Mobile App Retargeting Basics
Lots of people have been asking questions about the ins and outs of mobile app retargeting, remarketing and re-engagement. This short explanation is designed to help clarify some of the basic questions people have about this important and fast-growing marketing tactic.
Mobile App Retargeting in Plain English
Mobile app marketing is undergoing a major shift – from focusing primarily on driving app installs, to something that matters even more – turning those installs into engaged and profitable users.
You’ve heard the stats by now – many installed apps are used only once. It didn’t take long for some businesses to figure out that marketing to users after the install was just as important as driving the initial installs – in many cases even more important. And today, thanks to technology advances in in-app attribution and device targeting, app marketers are now retargeting users of every flavor – from their most loyal shoppers to dormant users – with tailored messages that bring them back to the app and drive real business.
Mobile retargeting is a form of advertising that lets mobile app marketers send relevant messages to their customers while they are using other mobile apps or mobile websites. The user sees the ad, clicks on it, and gets directed to the advertiser’s app, sometimes to a specific section or deep link. Some app marketers are starting to put as much emphasis on retargeting as on driving installs, due to its high ROI. Rather than paying several dollars to acquire a new potential user, marketers can spend of fraction of that to re-activate lapsed users, increase conversions, and grow users’ lifetime value.

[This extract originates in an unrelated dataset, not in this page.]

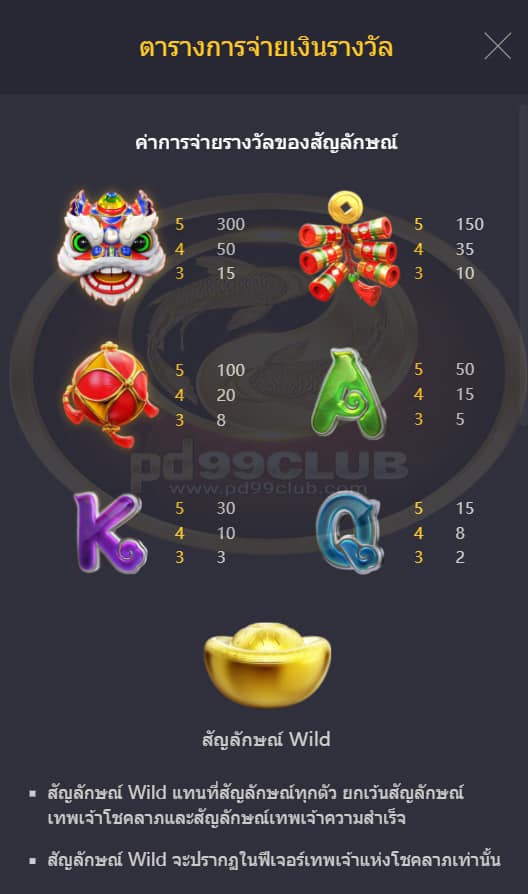 สัญลักษณ์ Wild จะปรากฏในในฟีเจอร์เทพเจ้าแห่งโชคลาภเท่านั้น
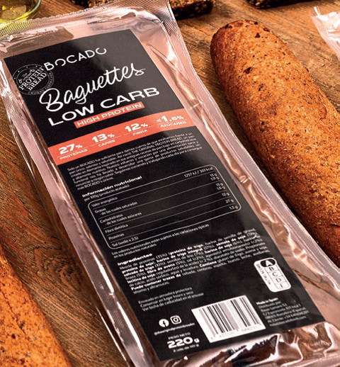 BAGUETTE PROTEICA , Envàs amb 2 unitats de BAGUETTE rica en proteïnes i amb un índex glucèmic molt baix.

In fact, Apsalar just introduced a feature called SmartTags that makes remarketing even easier by enabling a brand to use one tag to redirect people to up to five different locations based upon their install status.
Mobile retargeting enables you to drive engagement across the entire app usage lifecycle. You can define user segments and display targeted ads to each segment, encouraging them to return to your app and ultimately convert into buyers. Whether it’s re-engaging inactive users or driving repeat sales from your best shoppers, retargeting is a versatile strategy that can help you achieve a range of sales and marketing goals.
Here are some examples of marketing goals and how you can use retargeting to achieve them:
Prod inactive users: Remind them with ads that bring them back to your app to drive ongoing engagement.
Upsell active users: Promote premium services, app updates or new apps.
Remonetize recent buyers: Message to sell them related items.
Heavy shoppers: Drive repeat sales or actions; cross-promote new products.
Users about to purchase: Find users who have added items to carts and reconnect with them before they purchase elsewhere.
Rectify incomplete conversions: Bring back users to complete an action, such as a tutorial or registration.
Segment target lists to develop messages for like users: Develop ad creative for each user segment.
Deliver campaigns via real-time bidding exchanges: User sees your retargeting ad in other apps or on the mobile web. User clicks the ad and returns to your mobile app.
The more detailed the users’ in-app engagement data, the more specific the retargeting ads can be, allowing you to tailor ads to users in different stages of the purchase funnel. The most effective retargeting programs leverage an analytics solution that tracks all post-install behaviors, not just one event type. This
provides you with more targeting options for each user, and also allows you to create larger, more sophisticated user segments (groups of users with similar attributes) that update as users take action to enter and leave the cohort.
Take a Strategic Approach
An effective retargeting strategy begins with an analysis of user attributes and segment users based on the action you would like them to take. Using variables such as how recently they used the app, products they’ve purchased or viewed, or subscription status, build user cohorts that eligible to take an action that is valuable to your business. Once you have defined goal-based user segments, you can create unique ads that are relevant to each cohort and the business objective you’d like them to achieve.